Contraction Hierarchies
Architecture
Why Shortest Path Is Hard at Scale
Routing engines all hit the same wall. A road network is a graph. Intersections are nodes, road segments are edges, edge weights are travel time. The global road network has roughly 500 million nodes and 1.2 billion edges. Finding the shortest path between two arbitrary points requires an algorithm that does not explore every node.
Dijkstra's algorithm explores nodes in expanding concentric circles from the source. For a 50 km city route, it visits 50,000-100,000 nodes. For a cross-country route, it visits millions. At 58,000 route requests per second (5 billion per day), running Dijkstra on the full graph would require billions of node visits per second. Not feasible.
A* improves on Dijkstra by steering the search toward the destination using a heuristic (straight-line distance), reducing the search space by 3-5x. But the improvement is a constant factor. New York to Los Angeles still explores millions of nodes.

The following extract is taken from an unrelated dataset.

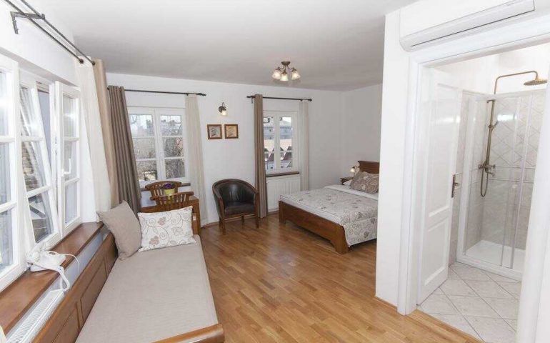 Housed in a traditional building, all rooms come with hardwood floors and wooden furnishings, and are accessible by elevator. They offer either a view of Ljubljana Castle or of the Old Town. Amenities include an LCD satellite TV, a safe and air conditioning.

Contraction Hierarchies solved this in 2008. The insight: preprocess the graph offline to create a hierarchy where queries only need to explore ~500 nodes, regardless of route length. Trade hours of preprocessing for a 2,000x query speedup.
How Contraction Works
Basic Terms
| Term | Meaning | Example |
|---|---|---|
| Edge | A connection between nodes with a cost (distance or time) | A ---4--- B means cost(A,B) = 4 |
| Cost | Total weight of a path | A -> B -> C = 4 + 2 = 6 |
| Shortcut | A new edge added to replace a removed node's path | A -> B -> C (6) becomes A -> C (6) |
| Contraction | Removing a node from the graph (after adding required shortcuts) | Remove E, add D-F shortcut |
| Level | Order in which nodes are removed. Removed early = low level. Removed late = high level | E = level 0, G = level 5 |
Base Graph
A ---4--- B ---2--- C
| |
3 5
| |
D ---1--- E ---1--- F ---3--- G
Preprocessing: Complete Step-by-Step
Step 1: Remove E (least important, only 1 shortcut needed)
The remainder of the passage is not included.